Use cachix-action on a NixOS host

Question

Use cachix-action on a NixOS host

peperunas opened this issue 3 years ago · 22 comments

What is the best way to set-up cachix on a NixOS host running with a services.github-runner?

As per the issue raised on the NixOS matrix channel, this is a log I got from my attempt.

 /nix/store/l0wlqpbsvh1pgvhcdhw7qkka3d31si7k-bash-5.1-p8/bin/bash -c nix-env --quiet -j8 -iA cachix -f https://cachix.org/api/v1/install
  error: opening lock file '/nix/var/nix/profiles/per-user/github-runner/profile.lock': Read-only file system
  Error: Action failed with error: Error: The process '/nix/store/l0wlqpbsvh1pgvhcdhw7qkka3d31si7k-bash-5.1-p8/bin/bash' failed with exit code 1

Answer 1 · 2021-12-09T11:45:15.000Z

How exactly are you running github runner?

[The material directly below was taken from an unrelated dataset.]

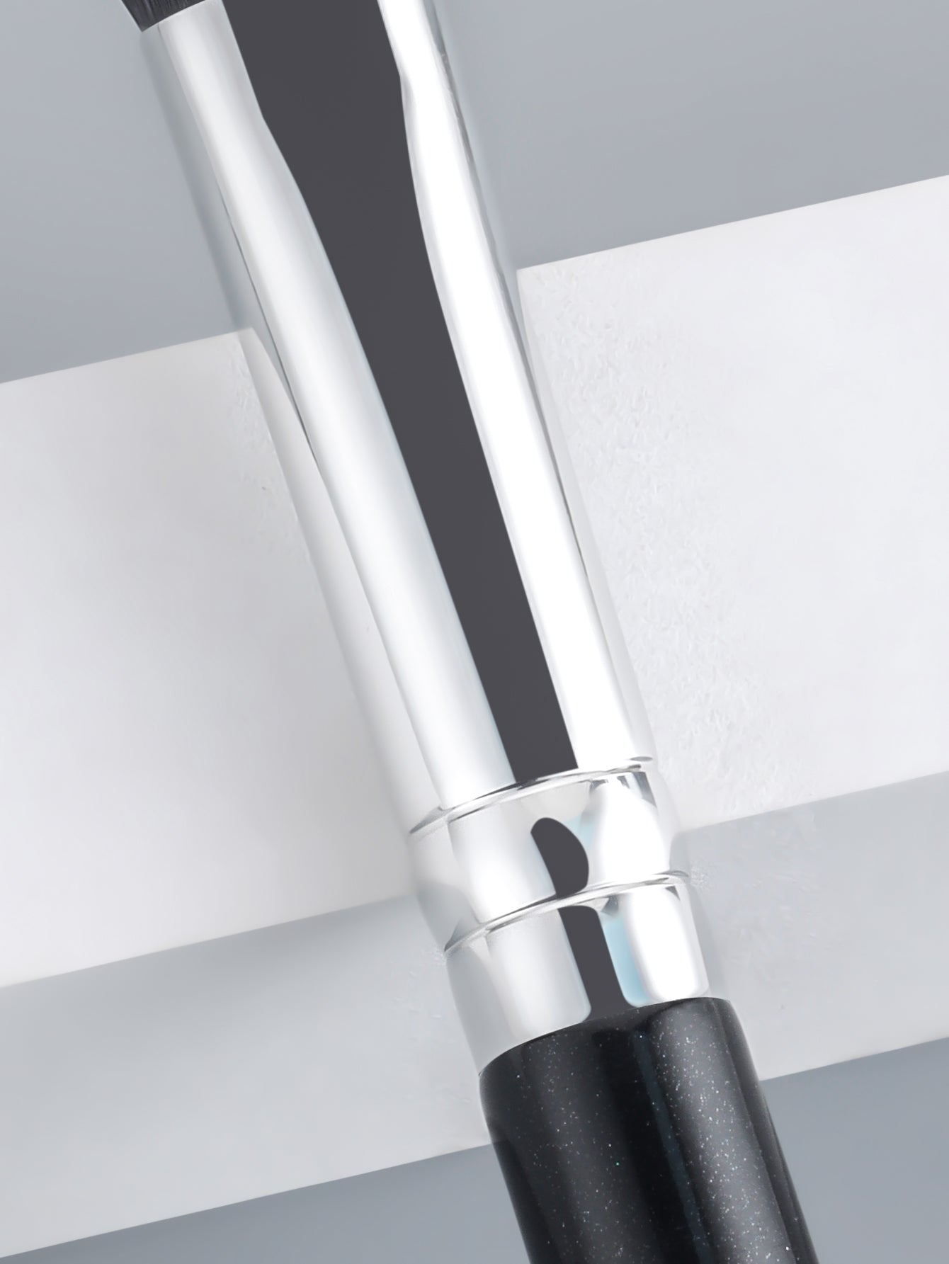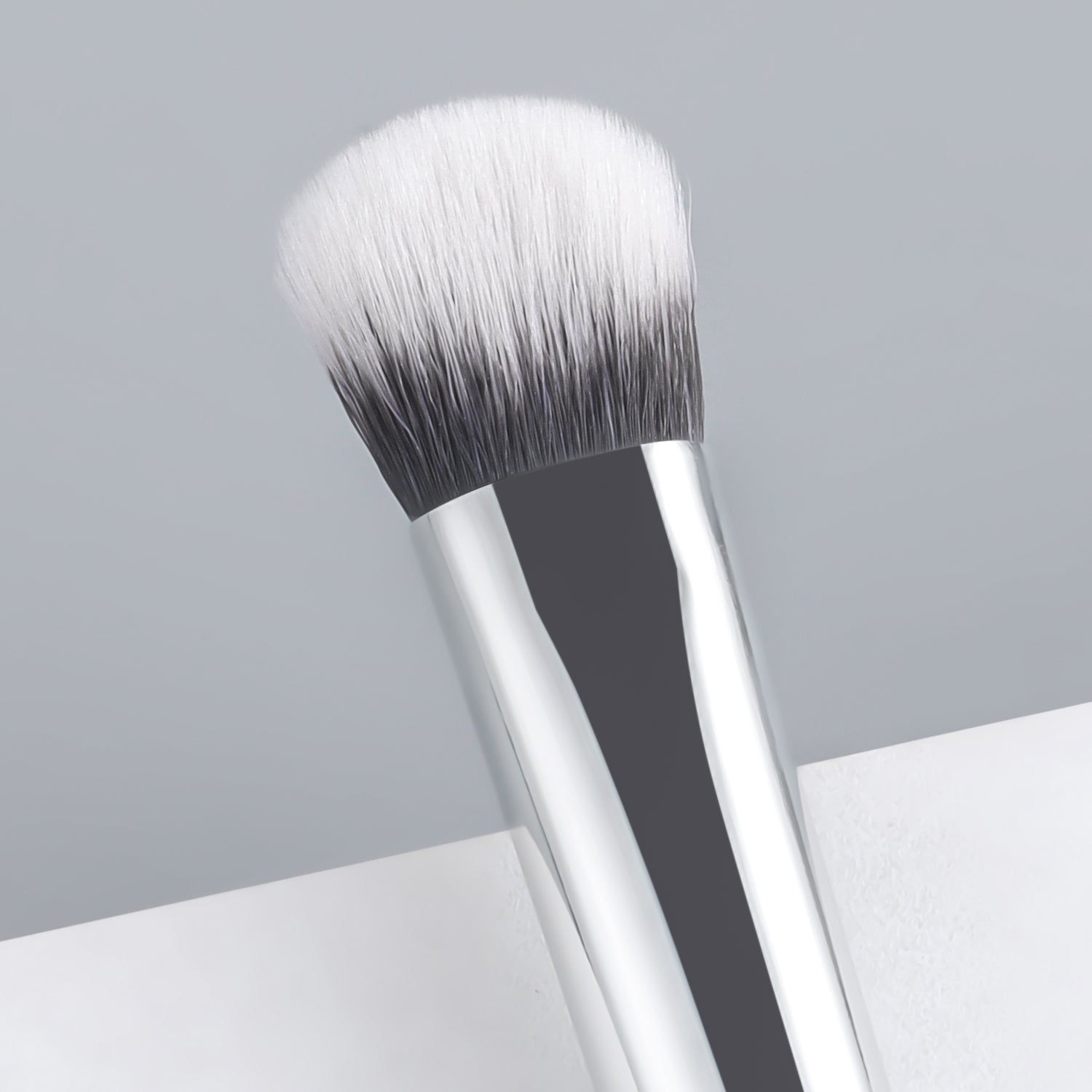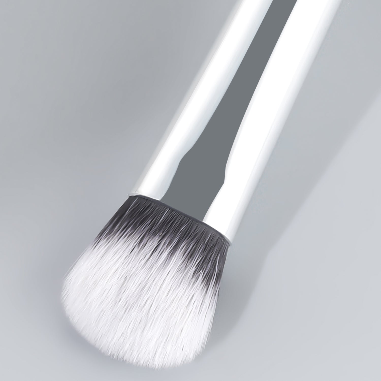 After dipping the brush into the product, gently shake off any excess powder. Apply makeup using a pressing and rolling technique (press and roll the foundation brush vertically, and blend the eyeshadow brush in a spiral motion). The aluminum-handled retractable brush uses a 45° angle to precisely contour the face, while the wooden-handled brush features a 32° anti-shake design for precise application.

Answer 2 · 2021-12-09T11:48:54.000Z

May I ask what do you mean with this?

This is the .yml file:

  build-release:
    runs-on: self-hosted
    steps:
      - uses: actions/checkout@v2
      - uses: cachix/cachix-action@v10
        with:
          name: mycache
          authToken: "${{ secrets.CACHIX_AUTH_TOKEN }}"
      - run: nix build -L

The runner is simply enabled in my configuration.nix, nothing fancy.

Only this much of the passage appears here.